# Peacock Bass



## andymellon4 (Mar 17, 2009)

I was thinking about starting a new community or attempt one......I was trying for a managunese and a oscar and a greenterror and a jack dempsey

Would a peacock bass fit in or any kind of common bass (size wise ofcourse and i know they get huge

and yes i need an awful large tank......also what is the requirement for peacock basses

Thank you


----------



## Tensa (Jul 28, 2008)

peacock bass are pretty aggressive eaters. they also grow incredibly fast even when compared to a oscar. the biggest concern with that mix in my opinion is anything placed in the tank with a peacock bass will become food size within a couple months if your growing them out together like you most likely would have to. peacock bass will try to eat just about anything that moves that is their size or smaller. and if the other fish are too much larger then the peacocks that will cause a issue too.


----------



## Avatar~God (Oct 21, 2004)

AS fan said:


> peacock bass are pretty aggressive eaters. they also grow incredibly fast even when compared to a oscar. the biggest concern with that mix in my opinion is anything placed in the tank with a peacock bass will become food size within a couple months if your growing them out together like you most likely would have to. peacock bass will try to eat just about anything that moves that is their size or smaller. and if the other fish are too much larger then the peacocks that will cause a issue too.


Yep I have to agree

I'm not sure on the size of your set up but one of my buddies had three of these guys in with a redtail cat. Redtails grow VERY quick, so they made out to be decent tank mates. I wouldnt keep the fish you named off with the peacocks.


----------



## andymellon4 (Mar 17, 2009)

yeah thats kinda what i though but i was hoping i was wrong......any other cool suggestions?

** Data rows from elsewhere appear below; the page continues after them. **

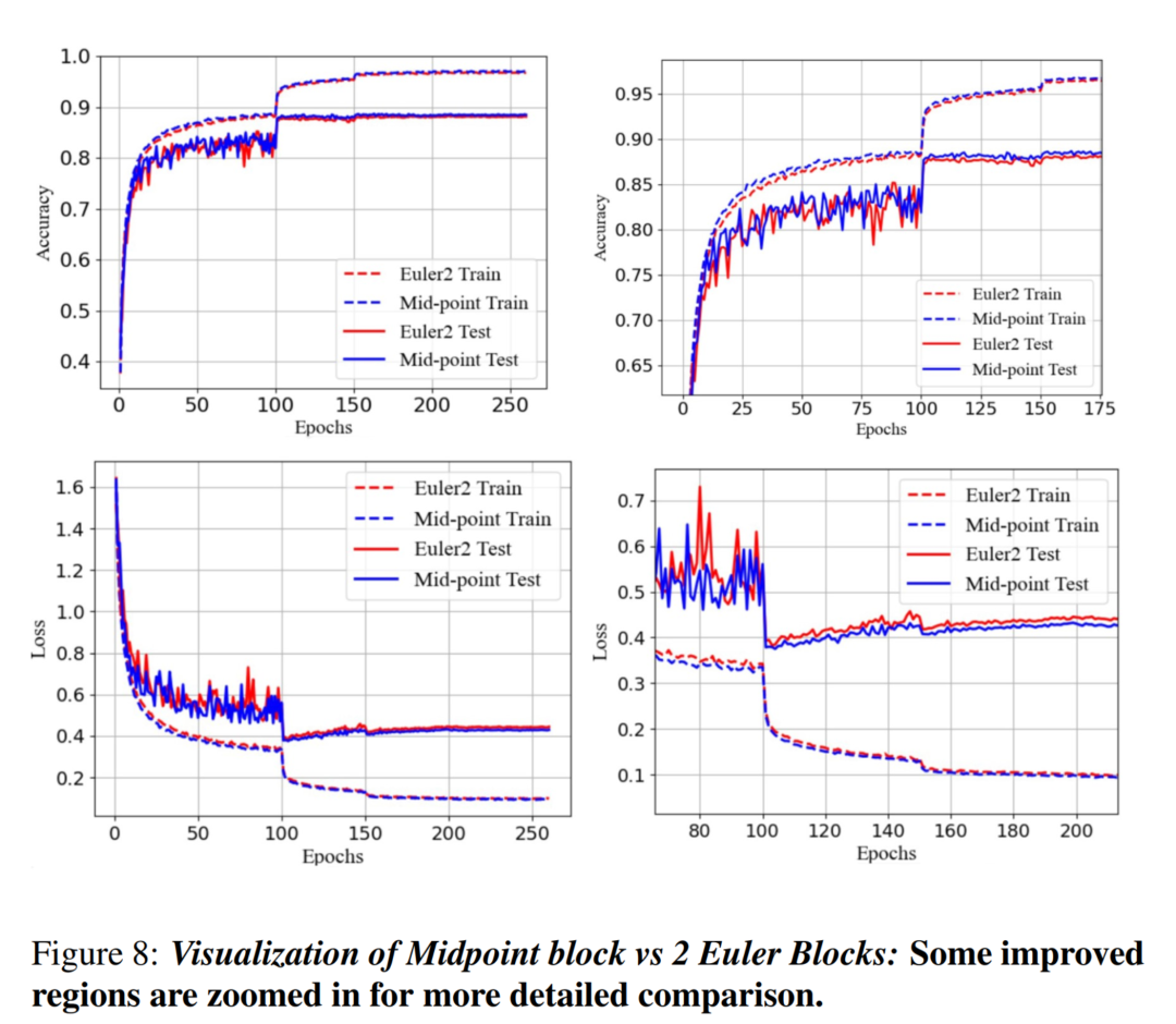 如图10所示,在相同的设置和参数下,采用高阶叠加方法,红线所代表的基线ResNet得到了明显的改善。作者注意到fixed RK8方法有改进的潜力。它在早期阶段高于RK-4。在Verner的设计中,还应保持一个比例因子h和误差来调整台阶侧。作者认为是固定步长导致RK-8退化到RK-4。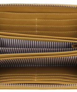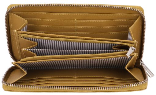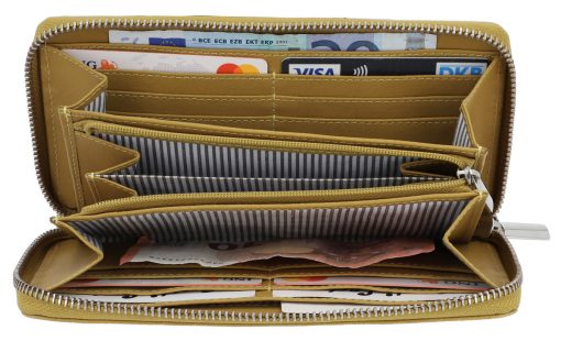 Inside, „Cara“ features 5 interior compartments – so you have space for all your small and large bills and coins.The two exterior compartments offer space for 10 cards. Additionally, there is a coin compartment in the middle that you can close with a zipper. Besides the coin compartment on both sides, you finally have space for your bills. Additionally, there is a zipper compartment at the back for a little souvenir or two. A large zipper perfectly protects your belongings, ensuring nothing can fall out.”Cara” – a comprehensive package when it comes to wallets!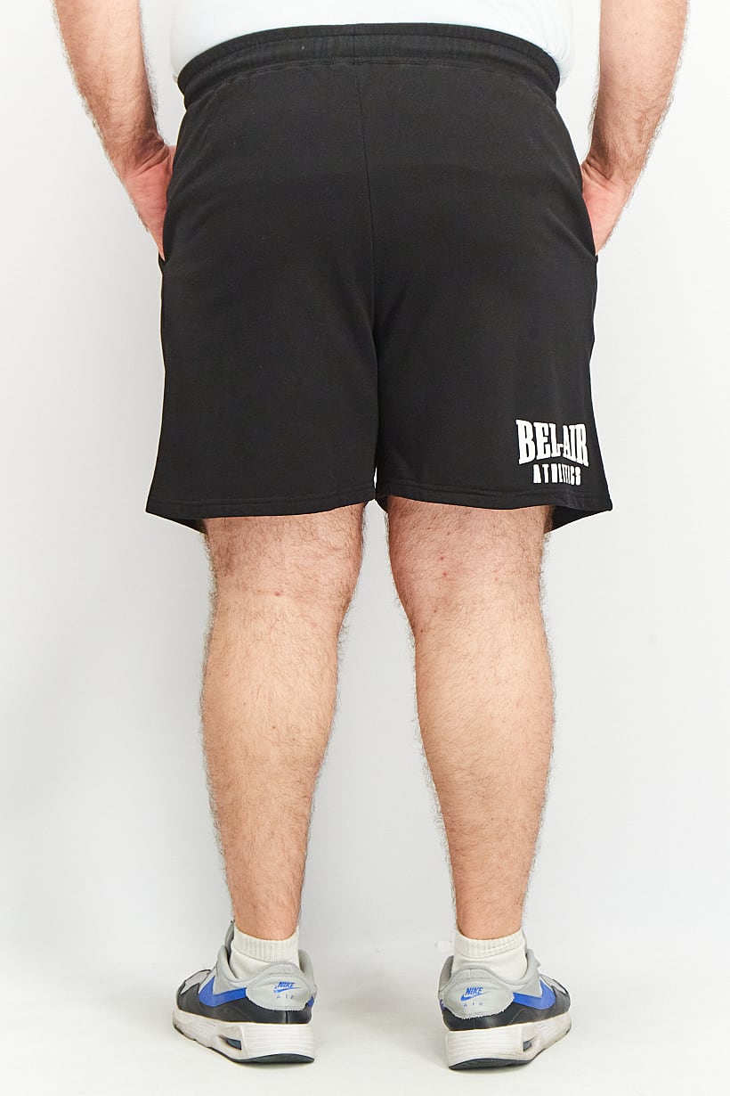 This product is machine washable and has a sportswear fit. The size shown is international and the thickness is light, making it suitable for training. The bottom closure is a drawstring for a secure fit. Please note that the product color may vary slightly due to photographic lighting sources or monitor settings. Made from 100% cotton, these shorts feature a brand logo print and are perfect for sports occasions. They belong to the black color family and fall under the category of sportswear shorts.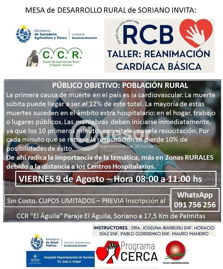 La Mesa de Desarrollo Rural de Soriano está invitando a taller de Reanimación Cardíaca Básica (RCB) a desarrollarse en el Centro de Capacitación Rural El Aguila en Soriano con la organización de la Unidad de Descentralización del MGAP este viernes 9 de agosto de 8.00 a 11.00 horas.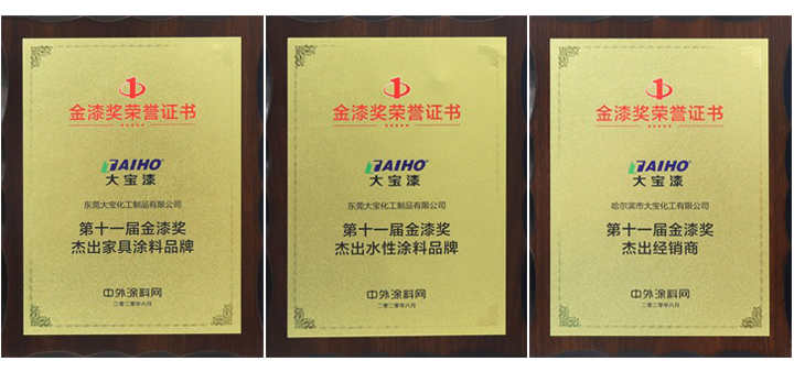 “金漆獎”是中國涂料行業極具影響力和公信力的年度品牌活動,被譽為“涂料行業奧斯卡”。作為涂料行業一年一度的高咖位盛會,第十一屆金漆獎受到了眾多涂料企業的廣泛關注。經過三個月的網絡和紙質投票、專家評審等環節,最終誕生出極具年度價值和標桿性的第十一屆金漆獎榜單。在眾多涂料品牌激烈競爭中,大寶漆能夠一舉摘得三項大獎,既離不開優異的品牌表現和專業的服務,也離不開行業與消費者對大寶漆的肯定和支持。
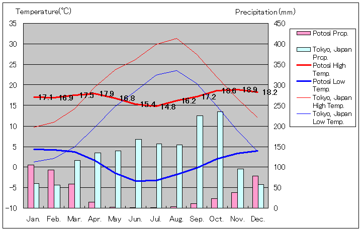 ポトシの年間平均気温 9.1℃、年間平均最高気温 17.1℃、年間平均最低気温 1.1℃、年間降水量 430ミリメートル、年間降水日数 85日、ボリビア国立気象センター(Servicio Nacional de Meteorología e Hidrología de Bolivia)データ、南緯 19度35分21秒 西経 65度45分12秒、標高 3,950メートル(12,960フィート)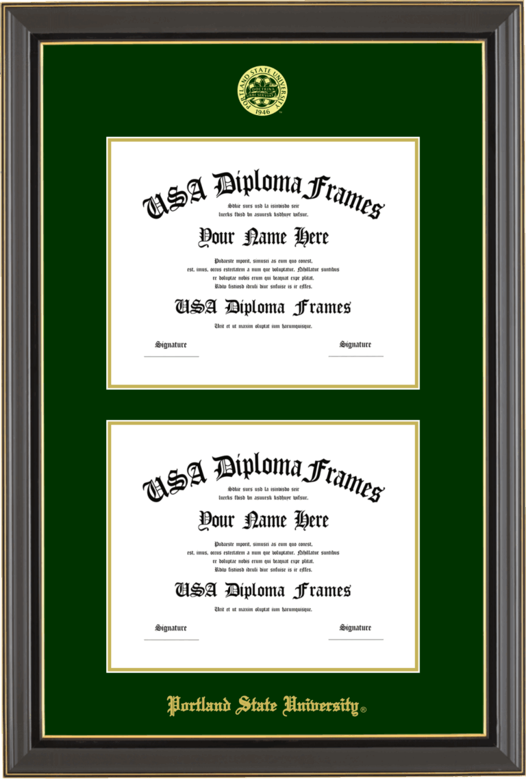 Portland State University Double Diploma Frame – Double Document – Black Gold Trim Glossy – Winter Green and Gold Mat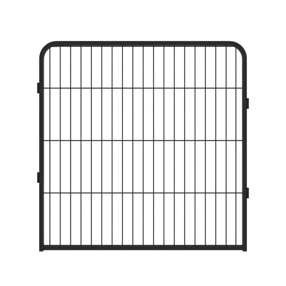 Our pet playpen includes 16-panels which are made of heavy-duty metal Iron tubes,you can ues a long time. Dimension for Each Panel: 31.5 in. x 31.5 in. (W x H ). Dimension for Each Door: 23.6 in. x 13 in. (H x W). The pet fence allows for multiple shapes, such as rectangle, square or octagon. It can be used both indoor and outdoor.
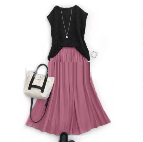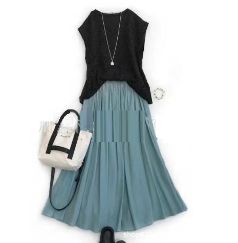 「同梱1万円送料無料」お色選択可黒の高級感あるレースTOPSとしわ加工スカートの2点セット 新品 大きいサイズLサイズ すぐセットアップ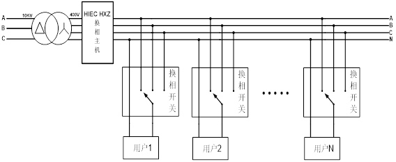 三相負荷不平衡自動調節(jié)裝置系統,由一臺主機及多臺分機(15~20臺)組成,應用于配電變壓器低壓側(220/380V),主機及數據采集裝置安裝于配電變壓器低壓側,各分機分別安裝于終端用戶表前側,通過無線通訊方式組成調控網絡,系統主機采集配變各相負荷實時參數,經計算后以無線通訊方式控制各分機,各分機采用專用換相開關組件,將所接入的用戶負荷實時切換到合適的相別上,使配變低壓側負荷基本保持在平衡狀態(tài),從而達到減少線路損耗、變壓器損耗和延長變壓器使用壽命,提高供電質量的目的。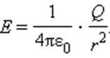 Відповідно до закону Кулона, напруженість електростатичного поля, створюваного точковим зарядом Q на відстані r від нього, дорівнює по модулю

I heard wolf fish are cool but i honestly know little about them


----------



## roccov12345 (Sep 26, 2008)

andymellon4 said:


> yeah thats kinda what i though but i was hoping i was wrong......any other cool suggestions?
> 
> I heard wolf fish are cool but i honestly know little about them


I posted a neat predatory video of peacock bass a while ago. Let me see if I can dig it up....


----------



## Avatar~God (Oct 21, 2004)

andymellon4 said:


> yeah thats kinda what i though but i was hoping i was wrong......any other cool suggestions?
> 
> I heard wolf fish are cool but i honestly know little about them


Are you trying to find fish to put in with the ones you named above? Wolf fish cant be put with these guys either, wolf fish will most likely eat them within time, but I have seen it done before in a large tank. What size tank do you have?


----------



## wrenchaholic (Jul 14, 2013)

I have a 14 inch butterfly peacock i caught when it was small at a local lake. over the 4 years ive had it, not any store bought fish survive without being eaten or stressed to death by the peacock. a few large bottom fish made it and a few larger cichlids like oscars and jags and devils.


----------



## scent troll (Apr 4, 2005)

^ thats awesome
peacocks are really amazing cichlids. pretty much any bass holds true to this rule of thumb. "if it fits in my mouth, its dinner"

and as stated above the peacocks really grow fast. so even if purchased at a similar size as other fish it can and will outgrow them and over take the tank. but for those of us who manage to keep one...what a great predator to own. truly a perfect fish in my opinion.


----------